Supplied information:
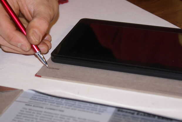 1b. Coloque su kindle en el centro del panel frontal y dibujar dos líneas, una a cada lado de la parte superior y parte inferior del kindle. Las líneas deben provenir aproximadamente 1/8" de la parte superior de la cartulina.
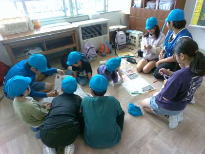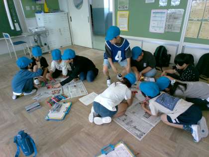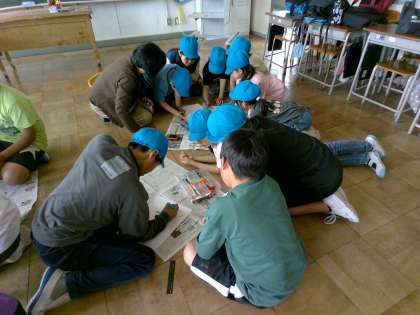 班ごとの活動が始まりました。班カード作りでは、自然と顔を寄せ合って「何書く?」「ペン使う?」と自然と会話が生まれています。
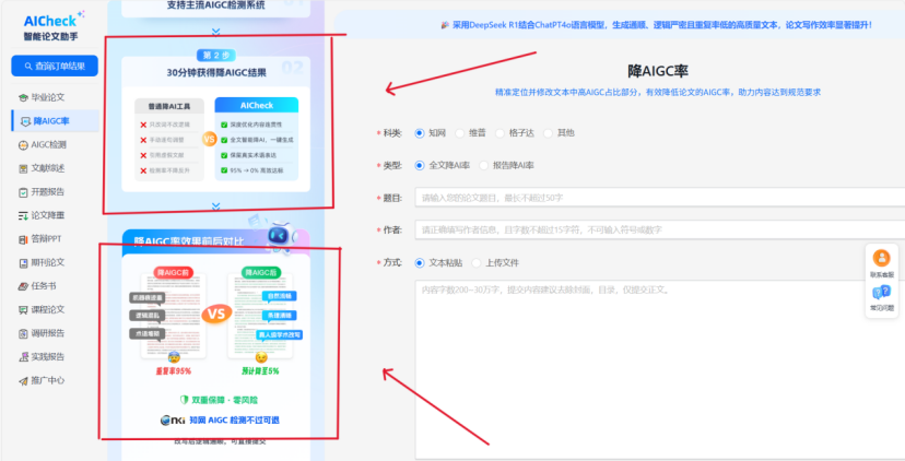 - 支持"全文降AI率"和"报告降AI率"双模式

Problem statement:
Only the listing above, set down exactly and without pictures, belongs in the answer.

Response:
 1b. Coloque su kindle en el centro del panel frontal y dibujar dos líneas, una a cada lado de la parte superior y parte inferior del kindle. Las líneas deben provenir aproximadamente 1/8" de la parte superior de la cartulina.
 班ごとの活動が始まりました。班カード作りでは、自然と顔を寄せ合って「何書く?」「ペン使う?」と自然と会話が生まれています。
 - 支持"全文降AI率"和"报告降AI率"双模式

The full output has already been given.